Tucker’s innovative solution was to retrieve the information from clusterware via AGCTL to run the GoldenGate check against the nodes where the instance is currently running.
“What this script does is execute against the Exadata Database Machine as a target. This means that it will first find a compute node available, run AGCTL to determine the names of the GoldenGate instances, and respective nodes they are configured to run on. This information is always available from any node, and the script does not take into account where AGCTL thinks GoldenGate is actually currently running.
Next, with that information registered, the script runs olsnodes to grab the host names of all compute nodes registered in the DBM. It then uses information pulled from the AGCTL configuration per GoldenGate instance to ssh to each compute node and grep for the manager process for that specific GG instance. With the manager found running on a certain node, the script then runs ggsci from that node against that GG instance, and parses the results to tell us if the different components are running, stopped, or abended. It will also take the lag into consideration and set warning thresholds, rather than a critical alert for any amount of lag. The script even goes as far to add the agctl status as an informational column, so it can be seen if agctl is showing as down, but GGSCI shows all processes running fine.

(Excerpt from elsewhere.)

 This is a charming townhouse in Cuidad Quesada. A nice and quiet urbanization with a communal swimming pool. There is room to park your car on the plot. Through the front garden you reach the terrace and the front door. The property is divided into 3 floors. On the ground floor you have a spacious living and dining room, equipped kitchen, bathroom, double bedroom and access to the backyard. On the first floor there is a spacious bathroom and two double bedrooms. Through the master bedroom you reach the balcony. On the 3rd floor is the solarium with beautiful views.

If the manager is not found anywhere in the Exadata environment, it extracts the first node that the instance is configured to run on from the AGCTL configuration, and runs ggsci from that node. This allows the script to still show all of the components as stopped or abended, and their respective lags.”

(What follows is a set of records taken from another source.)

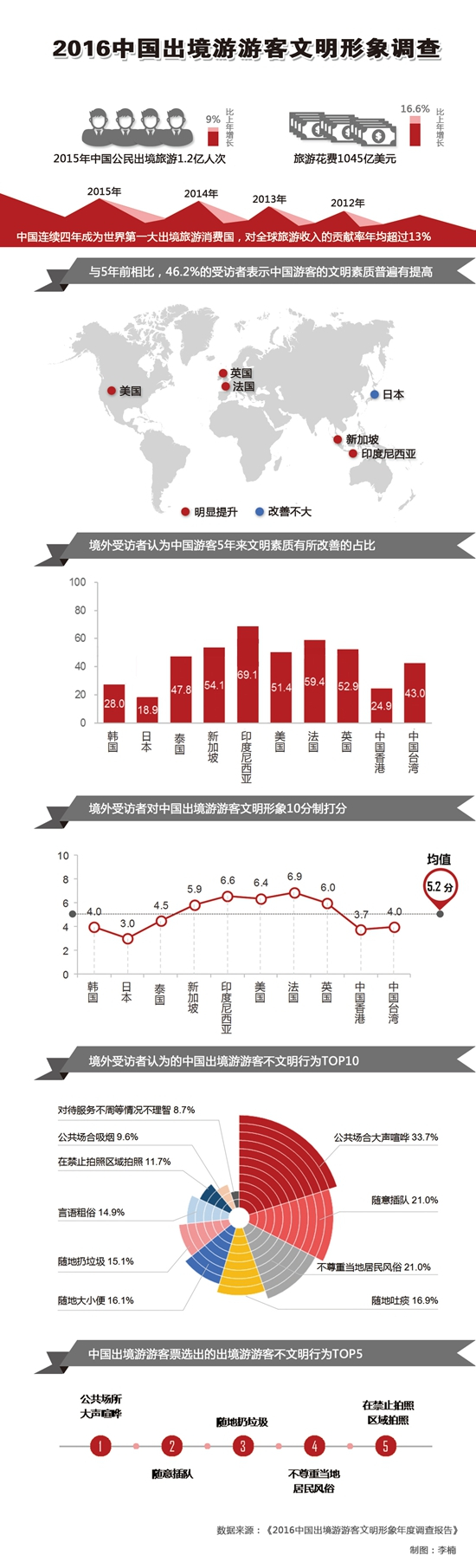2月22日,国家旅游局在福建厦门正式发布《2016中国出境游游客文明形象年度调查报告》(以下简称《报告》)。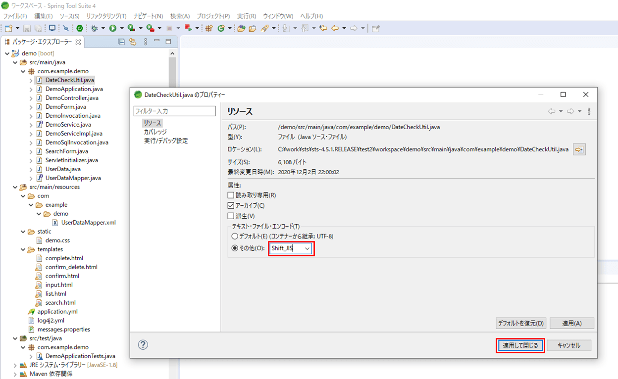 まずは、全てのJavaソース、HTML、XML、CSS、プロパティファイルについて、文字コードを「Shift_JIS」に変更する。その手順は以下の通り。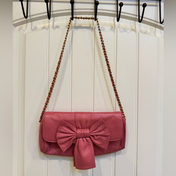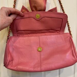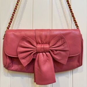 Paradox Pink Leather Bow Shoulder Purse. 10” by 6” by 0.5” with strap drop 13”

Another thing to note is that if a GoldenGate instance relocates to a different node for some reason, instead of just getting an alert that the instance went down we would get that alert, followed by a clear alert once the GoldenGate objects (manager, extract, replicat, pump) are back up and running on a different node.
Once tested via the Metric Extension setup screens, the output looks like:
This strategy allows for one script to monitor multiple diagnostics for across GoldenGate instances configured to run in a large, highly available environment.”
It outputs the following information when run from a prompt.
Once the Metric Extension is deployed, its information is accessible in the “All Metrics” section for the Exadata Database Machine.
The point of this exercise was to solve a particular use-case where GoldenGate instances are configured as clusterware resources which can be restarted on different nodes each time. What I would like to see is, an implementation of this GoldenGate monitoring script in an implementation that doesn’t necessarily use XAG in a clustered environment.
Thanks again to Tucker for coming up with the idea to retrieve the information and it was fun to incorporate my original script into his version.